Tema: Se tu conoscessi il dono di Dio…6
Canto iniziale: Salmo 138 (1a strofa)
Ognuno è invitato a leggere il brano e ad appuntare le reazioni e impressioni
Canto: Salmo 63 (rit.)
Gv 4,27-30
In quel momento giunsero i suoi discepoli e si meravigliavano che parlasse con una donna. Nessuno tuttavia disse: «Che cosa cerchi?», o: «Di che cosa parli con lei?». La donna intanto lasciò la sua anfora, andò in città e disse alla gente: «Venite a vedere un uomo che mi ha detto tutto quello che ho fatto. Che sia lui il Cristo?». Uscirono dalla città e andavano da lui.
Commento
Nel dialogo precedente Gesù aveva proposto alla Samaritana un salto dalla religione alla fede e ora lei, dopo aver ascoltato le parole di Gesù, deve decidere se rimanere in una vita inconcludente e autosufficiente, perché finora si è data da sola le risposte rispetto alla fede e ai suoi bisogni, o abbandonarsi nelle mani di un altro, smettendo di fare i propri calcoli.

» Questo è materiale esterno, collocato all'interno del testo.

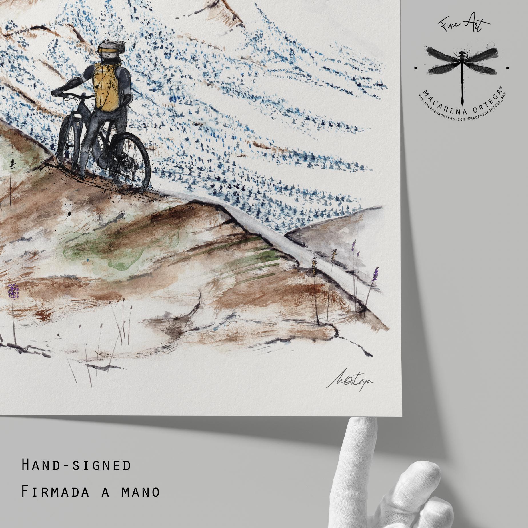 Watercolor capturing the moment an enduro rider reaches the summit, gazing at the mountain and the endless views from above.

La donna deve decidere cioè se rimanere nella fragilità psicologica, rispetto alla considerazione che gli altri hanno di lei; morale, rispetto alle risposte che dà ai suoi bisogni; relazionale, rispetto al fatto che evita gli incontri personali; sociale, per il fatto che è fuori dalle cerchie.
Per la Samaritana non è facile decidere di aderire a Gesù, ma Gesù non si lascia rinchiudere nelle attese della donna, non le dà risposte e non dice nulla rispetto ai suoi bisogni, si ferma invece alla rivelazione di se stesso.
Emerge così il fatto che solo l'incontro con il Signore cambia la vita, e se noi non riusciamo a cambiare è perché non abbiamo incontrato il Signore, ma abbiamo forse incontrato solo una proiezione di noi stessi.
Nel brano l'evangelista presenta due scene.
La prima ha come protagonisti i discepoli che sono tornati da Gesù: vedono, giudicano, ma non chiedono. Stanno già da tempo con il Signore, eppure non hanno una comprensione di lui pari a quella della Samaritana.
Nella seconda scena c'è la donna, che, ancora non del tutto convinta, torna nella città e si chiede se quell'uomo che ha incontrato sia davvero il Messia. Si è mossa ed è diventata così annunciatrice: ha cominciato a gustare l'acqua viva e ha visto che la fede è frutto dell'incontro con il Signore.
Nelle due scene emerge la sproporzione tra l'amore di Dio e la fede fragile degli uomini. Eppure questa fragilità è già la gioia di Dio. La donna ha fatto l'esperienza di essere considerata e, a partire da questo, sviluppa un modo nuovo di essere attenta alla città e alla sua gente. La donna lascia la sua brocca. L'evangelista sottolinea questo gesto per dire che discepoli non sono solo gli uomini, ma anche le donne.
La Samaritana è anche furba, perché, tornando dalla sua gente, desta curiosità, non dice ciò che pensa di Gesù, ma si scopre, dicendo che quell'uomo conosceva tutti quegli aspetti della sua vita che erano ben noti in città. Così il suo annuncio ha l'effetto di condurre tutti all'incontro con Gesù.
Il Signore, a cui interessa la conversione del cuore di questa donna che non si è ancora pentita, sa valutare i passi e sa attendere con pazienza.